— EXERCISE DESCRIPTION —
In the records below, repeat exactly the lines between the line holding "Đồng chí Nguyễn" and the line holding "其中玩家完成两星悬赏令后可以获得20000铜钱和随机的四象、八卦侠岚碎片;", inclusive, and drop the pictures.

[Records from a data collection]
[Start of section]

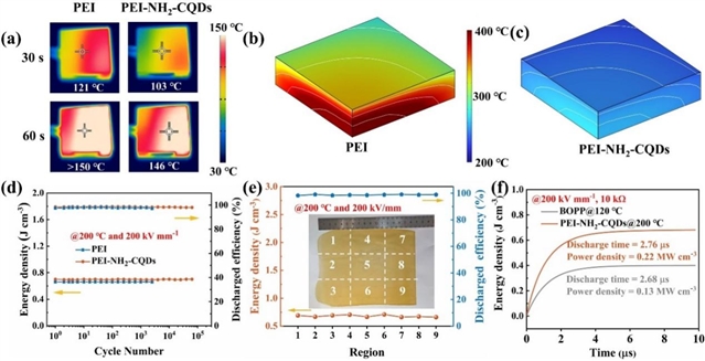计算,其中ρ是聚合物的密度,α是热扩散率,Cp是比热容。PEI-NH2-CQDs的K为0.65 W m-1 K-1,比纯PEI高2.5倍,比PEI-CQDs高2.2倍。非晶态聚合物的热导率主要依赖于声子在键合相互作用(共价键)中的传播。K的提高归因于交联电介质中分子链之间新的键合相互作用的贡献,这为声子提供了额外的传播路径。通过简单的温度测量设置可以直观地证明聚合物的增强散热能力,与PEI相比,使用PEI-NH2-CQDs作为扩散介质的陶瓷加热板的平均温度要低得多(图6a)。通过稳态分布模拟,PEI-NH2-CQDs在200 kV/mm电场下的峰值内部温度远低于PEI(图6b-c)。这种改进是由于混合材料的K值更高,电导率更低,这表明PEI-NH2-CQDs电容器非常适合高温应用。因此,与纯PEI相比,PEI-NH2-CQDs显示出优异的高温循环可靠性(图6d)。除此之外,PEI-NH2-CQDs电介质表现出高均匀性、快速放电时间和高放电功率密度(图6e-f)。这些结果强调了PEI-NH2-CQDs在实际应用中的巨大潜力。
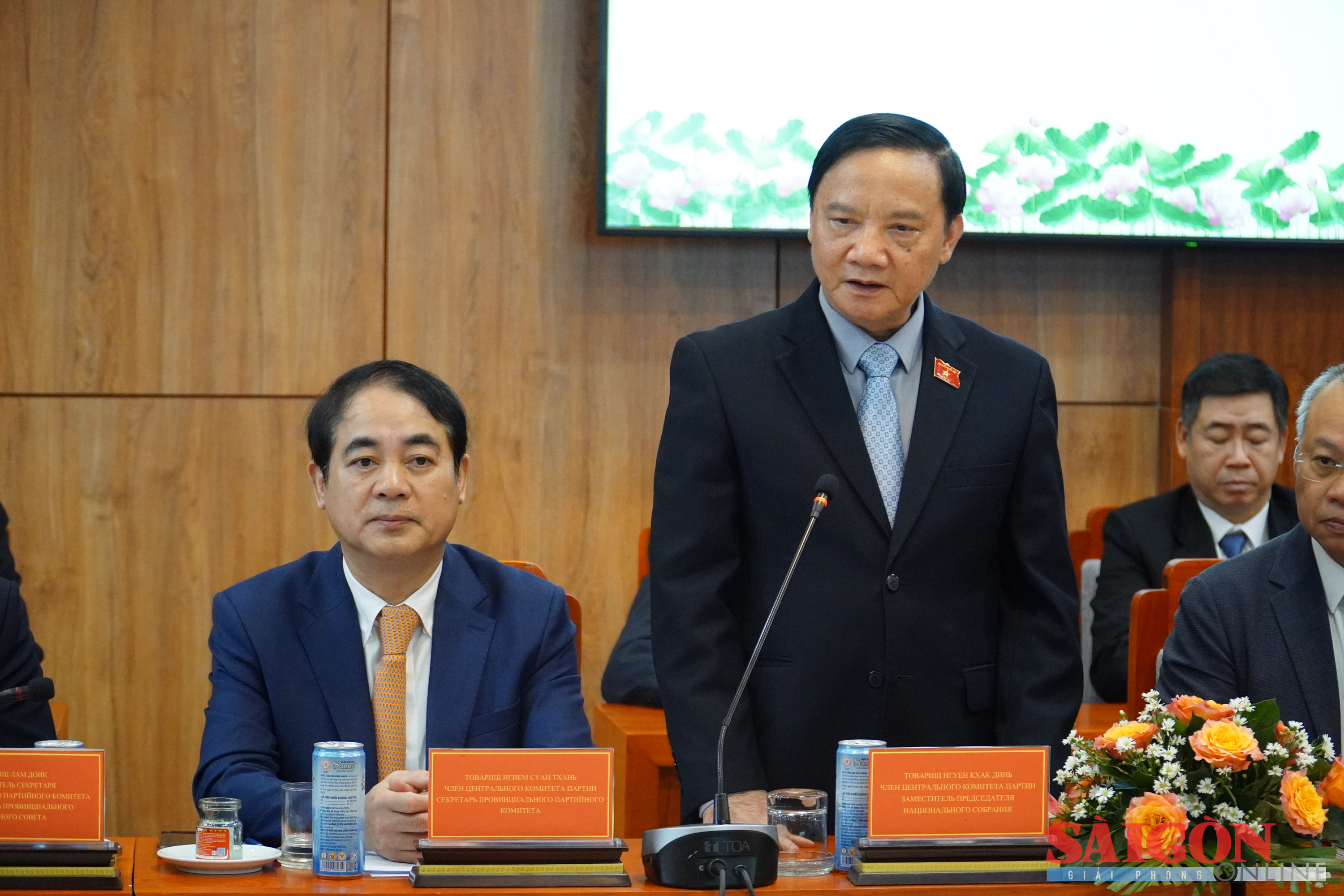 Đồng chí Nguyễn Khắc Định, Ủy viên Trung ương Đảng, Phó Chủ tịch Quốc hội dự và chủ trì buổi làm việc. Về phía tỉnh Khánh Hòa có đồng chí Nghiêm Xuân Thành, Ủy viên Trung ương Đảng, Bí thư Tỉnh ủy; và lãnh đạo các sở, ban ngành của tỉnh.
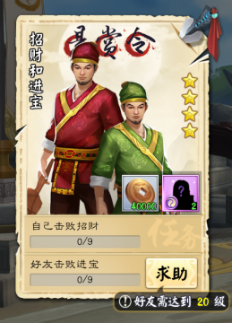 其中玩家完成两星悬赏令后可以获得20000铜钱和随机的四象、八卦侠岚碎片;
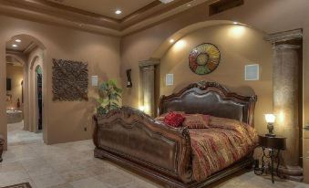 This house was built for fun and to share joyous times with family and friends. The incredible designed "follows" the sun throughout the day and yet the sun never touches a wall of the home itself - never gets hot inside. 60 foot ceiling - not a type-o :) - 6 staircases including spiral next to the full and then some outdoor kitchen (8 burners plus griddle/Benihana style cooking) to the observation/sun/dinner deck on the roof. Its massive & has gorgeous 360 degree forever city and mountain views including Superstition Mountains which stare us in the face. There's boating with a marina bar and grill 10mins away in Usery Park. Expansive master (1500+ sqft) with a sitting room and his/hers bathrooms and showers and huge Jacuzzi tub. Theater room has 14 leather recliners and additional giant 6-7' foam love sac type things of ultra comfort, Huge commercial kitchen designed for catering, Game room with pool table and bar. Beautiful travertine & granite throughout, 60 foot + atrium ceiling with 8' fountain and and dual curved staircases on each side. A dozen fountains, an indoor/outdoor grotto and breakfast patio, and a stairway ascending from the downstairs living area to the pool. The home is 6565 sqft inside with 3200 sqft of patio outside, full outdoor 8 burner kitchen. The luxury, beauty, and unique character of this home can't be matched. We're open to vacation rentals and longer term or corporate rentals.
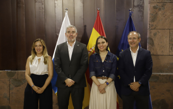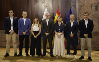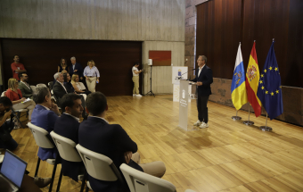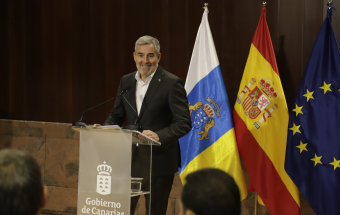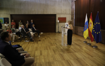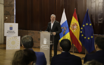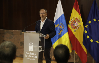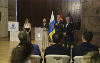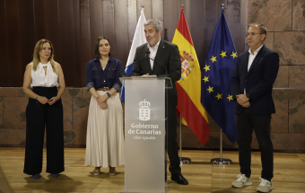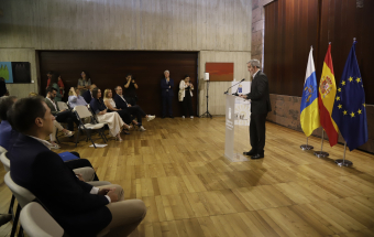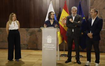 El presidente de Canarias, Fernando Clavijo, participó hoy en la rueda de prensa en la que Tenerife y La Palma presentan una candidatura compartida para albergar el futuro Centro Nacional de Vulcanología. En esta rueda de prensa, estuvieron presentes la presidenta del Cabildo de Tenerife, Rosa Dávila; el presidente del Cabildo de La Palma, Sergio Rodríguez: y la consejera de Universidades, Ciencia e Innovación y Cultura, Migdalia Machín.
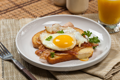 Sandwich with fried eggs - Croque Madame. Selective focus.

[End of section]

— SOLVED PROBLEM —
 Đồng chí Nguyễn Khắc Định, Ủy viên Trung ương Đảng, Phó Chủ tịch Quốc hội dự và chủ trì buổi làm việc. Về phía tỉnh Khánh Hòa có đồng chí Nghiêm Xuân Thành, Ủy viên Trung ương Đảng, Bí thư Tỉnh ủy; và lãnh đạo các sở, ban ngành của tỉnh.
 其中玩家完成两星悬赏令后可以获得20000铜钱和随机的四象、八卦侠岚碎片;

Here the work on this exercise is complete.